Taylor Cornall

Personal information
- Full name: Taylor Ryan Cornall
- Born: 9 October 1998 (age 27) Lytham St Annes, Lancashire, England
- Batting: Left-handed
- Bowling: Slow left-arm orthodox

Domestic team information
- 2019: Leeds/Bradford MCCU
- 2021: Lancashire
- 2022–2023: Worcestershire (squad no. 57)
- First-class debut: 26 March 2019 Leeds/Bradford MCCU v Derbyshire
- List A debut: 5 August 2021 Lancashire v Durham

Career statistics
| Competition | FC | LA |
| Matches | 8 | 9 |
| Runs scored | 142 | 310 |
| Batting average | 11.83 | 44.28 |
| 100s/50s | 0/0 | 0/3 |
| Top score | 31* | 97 |
| Balls bowled | 12 | 128 |
| Wickets | 0 | 3 |
| Bowling average | – | 43.33 |
| 5 wickets in innings | – | 0 |
| 10 wickets in match | – | 0 |
| Best bowling | – | 2/23 |
| Catches/stumpings | 5/– | 5/– |
- Source: Cricinfo, 24 July 2023

= Taylor Cornall =

English cricketer (born 1998)

Taylor Ryan Cornall (born 9 October 1998) is an English cricketer.
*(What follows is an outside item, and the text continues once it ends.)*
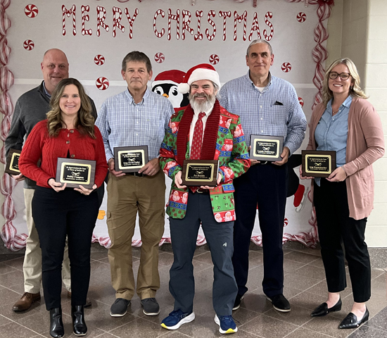 During Thursday’s Vantage Career Center Board of Education meeting, Superintendent Rick Turner honored members who have been on the board for at least 10 years and presented each one with a plaque. Shown above are (front row) Debby Compton (Van Wert, 11 years) and Pat Baumle (Wayne Trace, 13 years). Back row (left to right): Dennis Recker (Antwerp, 13 years); Greg von der Embse (Kalida, 13 years); Lonnie Nedderman (Crestview, 20 years), and Kim Wannemacher (Ottoville, 11 years). Scott Truxell/Van Wert independent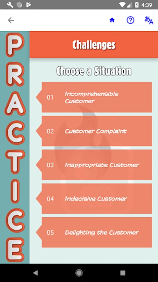 A range of dialogues covering basic situations and common challenges, which you can roleplay with a computerized customer.

He made his first-class debut on 26 March 2019, for Leeds/Bradford MCCU against Derbyshire, as part of the Marylebone Cricket Club University fixtures. He has also played for the Lancashire 2nd XI team. He made his List A debut on 5 August 2021, for Lancashire in the 2021 Royal London One-Day Cup.